Kris enjoyed a smile at fond, if desperate, memories.
“I had a lot of help figuring out what went into those trunks,” Abby allowed.
“But you were the one that did it in the end.”
“I guess so. Oh, sorry I wasn’t there this morning to get a shot at that shooter.”
“Jack and I were hardly dressed for company,” Kris said, trying not to blush.
“Compromising positions do leave you open.”
“I wasn’t compromised. I was with my husband.”
“You managing?” was so vague a question that Kris needed time to think on it.
“I am,” Kris finally said. “And those that don’t like what I’m doing can take a long walk out a short airlock.”
“That’s the spirit.”
“So, are things as hard as Pipra says they are among the workers?”

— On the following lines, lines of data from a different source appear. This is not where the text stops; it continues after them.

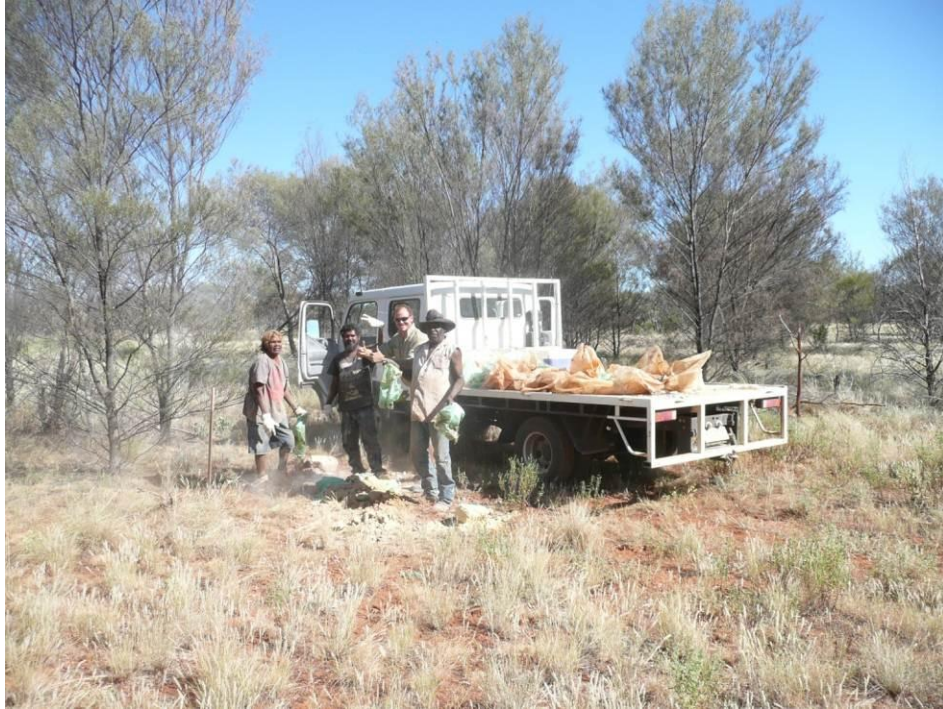
Figure 3. Work Crew cleaning up samples bags at a Barrow Creek 1 drill site.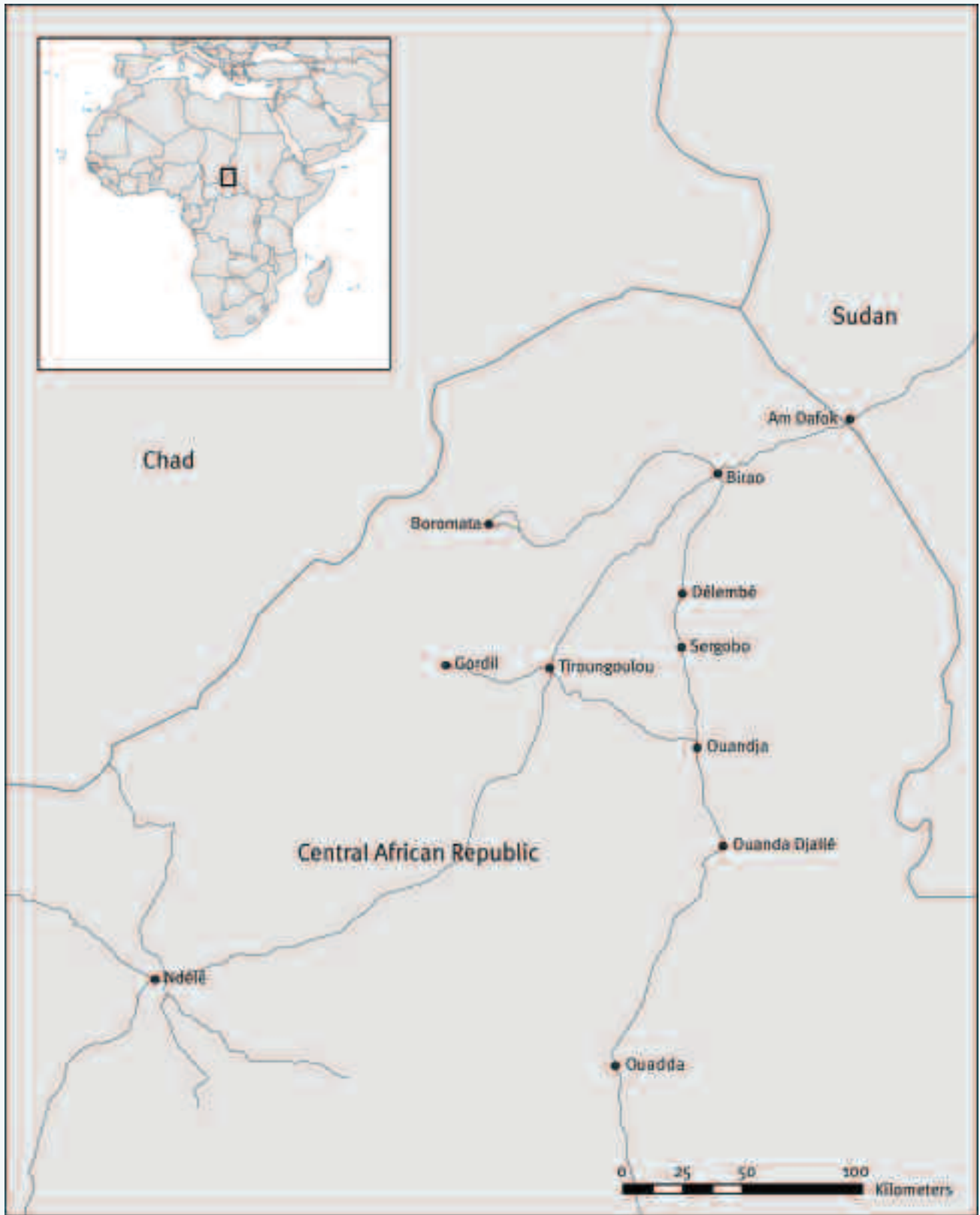
Area of UFDR rebel activity in northeastern Central African Republic in 2006-2007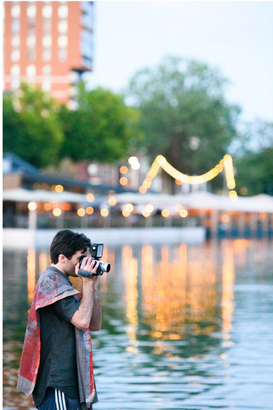
It is part XIX of an ensemble, and this ensemble is no longer necessarily ceremonial, 2020 performance in public space, Tilburg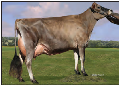
JEMI PREMIER TRIUMPH-ET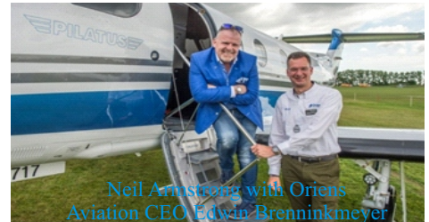
Neil Armstrong with Oriens Aviation CEO Edwin Brenninkmeyer

The Pilatus PC-12 can fly up to eight passengers in a luxury pressurized cabin, for up to 1,800 miles, at 320 mph and at 30,000 feet. The PC-12 features a generous cargo door and can operate from small airfields of 800 m, from gravel strips and grass, combining to make it one of the most versatile and practical aircraft. It can carry more payload than most for half the money.

“Maybe worse,” Abby said. “You and her can live in your own little world of charts and reports. I got to go out and talk to the worker bees. They got a problem, I get sent to see it in the flesh. I get to share their coffee breaks with them. I like this job. Get to meet lots of interesting people, people you’re driving mighty hard, Kris.”
Now it was Kris’s turn to make a pained face. “And if the bug-eyed monsters show up tomorrow?”
“We’ll be in trouble,” Abb
y admitted. “But if they don’t show for a couple of months, you might well be doing their job for them.”
Kris gave Abby the look she reserved for Commander Sampson and her ilk.
“No, I’m not talking mutiny or open rebellion. But I am talking folks who are dog tired and need a rest. Or folks that are nose up against the candy-shop window and feeling locked out. You’ve got so much change coming at these people that it’s a crapshoot as to where it all falls apart first, second, and last, Kris. You need to get out more.”
“The last time I was out of my bubble, I got shot at.”
“Yeah, but maybe if you’d been out of your bubble a month ago you’d have spotted this problem sooner and headed it off at the pass.”
Kris shrugged. “Not too long ago, I was chasing down Sampson, fighting the remnants of the bug-eyed monsters we beat the first time, and making friends with our fine feline friends.”
“So your problems have to stand in line, and some of them get pissed and cut to the front.”
“Cutting I don’t mind. Shooting, that’s another matter,” Kris said with a dry chuckle.
“Yeah,” Abby agreed.
After a few quiet moments, Abby went one way to tell a production type that his latest change was boneheaded. Kris kept moving, smiling encouragement and doing her best not to get drawn into any of the arguments raging around the screens and tables. Any hope that all of these efforts would end in one harmonious plan was rapidly going up in smoke.
Kris found Admiral Furzah at her elbow.
“This is an interesting development,” she said.
“Interesting in what way to you?” Kris asked.
“Many of my people, not all, I assure you, and maybe fewer of late, but many of my people would have used the shooting incident to land the warriors. Your Marines. Land them and take control of the situation with force. You, instead, seek to calm the fire by feeding it. Interesting.”
“We have found that landing the Marines often has the effect of tossing gasoline on the fire. Instead of making it smaller, it makes it huge. Haven’t you found that out?”
“Yes, we have. That is why I say that fewer would do that of late. Even we warriors, at least we older, grayer warriors, have noticed that.”